Saved entries
▬▬▬▬▬▬

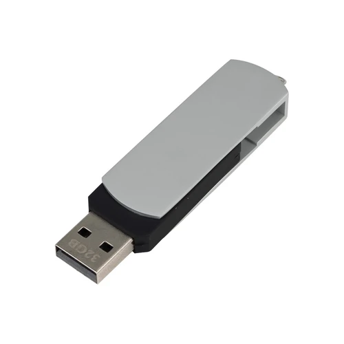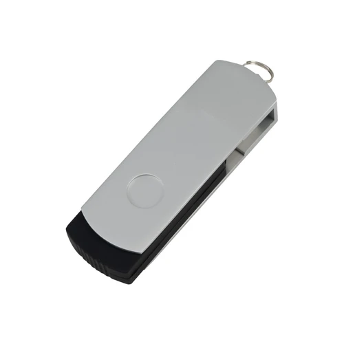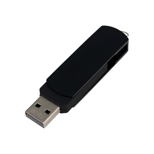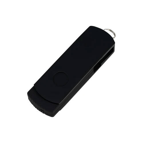 USB Pendrive 2.0 con 32GB de memoria, con cuerpo de silicona negra y carcasa metálica de giro de color, removible. Presentación en estuche de PVC translúcido.
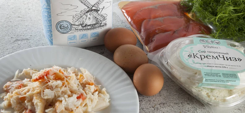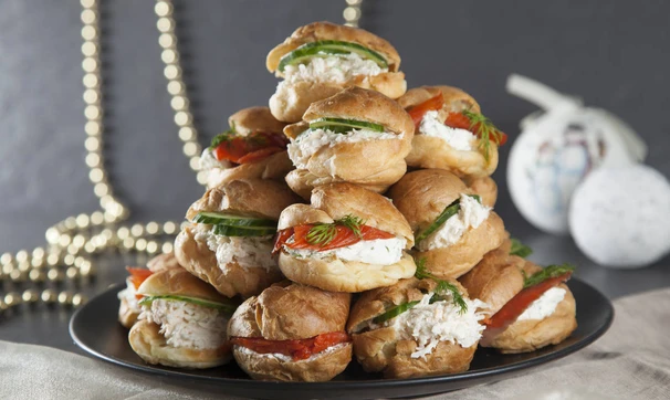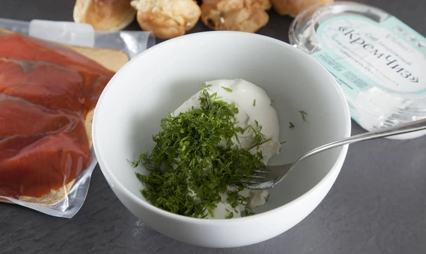 Для начинки с рыбой сыр творожный «кремчиз» смешайте с рубленым укропом, рыбу порежьте тонкими ломтиками. Профитроли разрежьте пополам, внутрь положите около чайной ложки кремчиза, а сверху ломтик рыбы, накройте верхней половинкой.
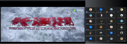 影片由2021级孙许辉共享屏幕播放,《长津湖》讲述了中国人民志愿军第9兵团穿插七连参加长津湖战役的过程,展现了人民军队炽烈的爱国情怀,生动诠释了伟大的抗美援朝精神。志愿军英勇冲锋的过程,增强了每个观影者保家卫国,爱好和平,努力奋斗的使命感。影片以生动的历史视角呈现了“长津湖战役”这一战争传说,让党员团员同志在大气磅礴、悲壮震撼的电影画面中,深刻感受到了志愿军扛在肩膀上沉甸甸的家国责任,以及爱好和平的渴望。
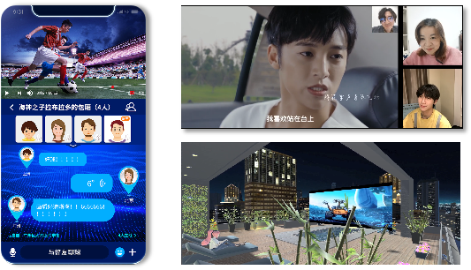在直播观影/观赛的互动场景,咪咕视频推出了云包厢、云观影、云观众、云打Call等业务。在云观赛场景中,咪咕视频“云包厢”实现云聚会看比赛,在享受精彩赛事的同时,基于RTC实时互动网络,准实时的端到端时延,稳定流畅的数据传输,身处各地的朋友可以如面对面般进行赛事评论和聊天,极大提升观赛的娱乐性和沉浸感。
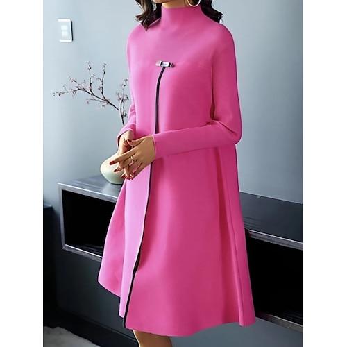 Per donna Mini Abito Abito a Tubino Abito a trapezio Casual Quotidiano Vestibilità comoda Semplice Manica Lunga Collo Alto Nero Fucsia Primavera Autunno Inverno
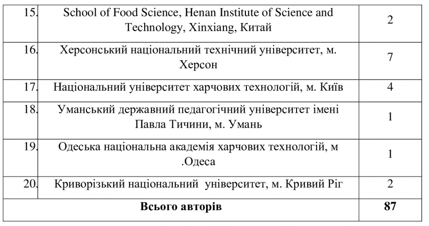 Всього опубліковано 37 статтей 87 авторів з 20 ЗВО України, Китаю та Республіки Білорусь:
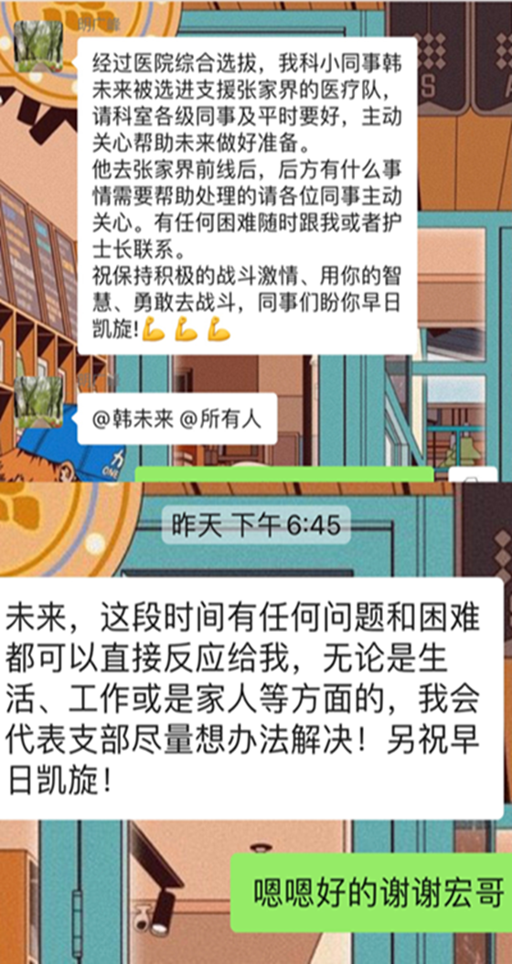 “滴滴滴……”,一阵急促的手机铃声扰乱了正在上班的我,“请问是韩老师吗?接市卫健委通知,今天下午六点驰援张家界,您有时间吗?”接到电话后,我毫不犹豫的回答道:“有时间!”

▬▬▬▬▬▬

- [THE PROBLEM]: Transcribe exactly the lines above, beginning at the one with "影片由2021级孙许辉共享屏" and going up to and including the one with "Per donna Mini". Pictures do not belong in the copy.

- [EXERCISE SOLUTION]:
 影片由2021级孙许辉共享屏幕播放,《长津湖》讲述了中国人民志愿军第9兵团穿插七连参加长津湖战役的过程,展现了人民军队炽烈的爱国情怀,生动诠释了伟大的抗美援朝精神。志愿军英勇冲锋的过程,增强了每个观影者保家卫国,爱好和平,努力奋斗的使命感。影片以生动的历史视角呈现了“长津湖战役”这一战争传说,让党员团员同志在大气磅礴、悲壮震撼的电影画面中,深刻感受到了志愿军扛在肩膀上沉甸甸的家国责任,以及爱好和平的渴望。
在直播观影/观赛的互动场景,咪咕视频推出了云包厢、云观影、云观众、云打Call等业务。在云观赛场景中,咪咕视频“云包厢”实现云聚会看比赛,在享受精彩赛事的同时,基于RTC实时互动网络,准实时的端到端时延,稳定流畅的数据传输,身处各地的朋友可以如面对面般进行赛事评论和聊天,极大提升观赛的娱乐性和沉浸感。
 Per donna Mini Abito Abito a Tubino Abito a trapezio Casual Quotidiano Vestibilità comoda Semplice Manica Lunga Collo Alto Nero Fucsia Primavera Autunno Inverno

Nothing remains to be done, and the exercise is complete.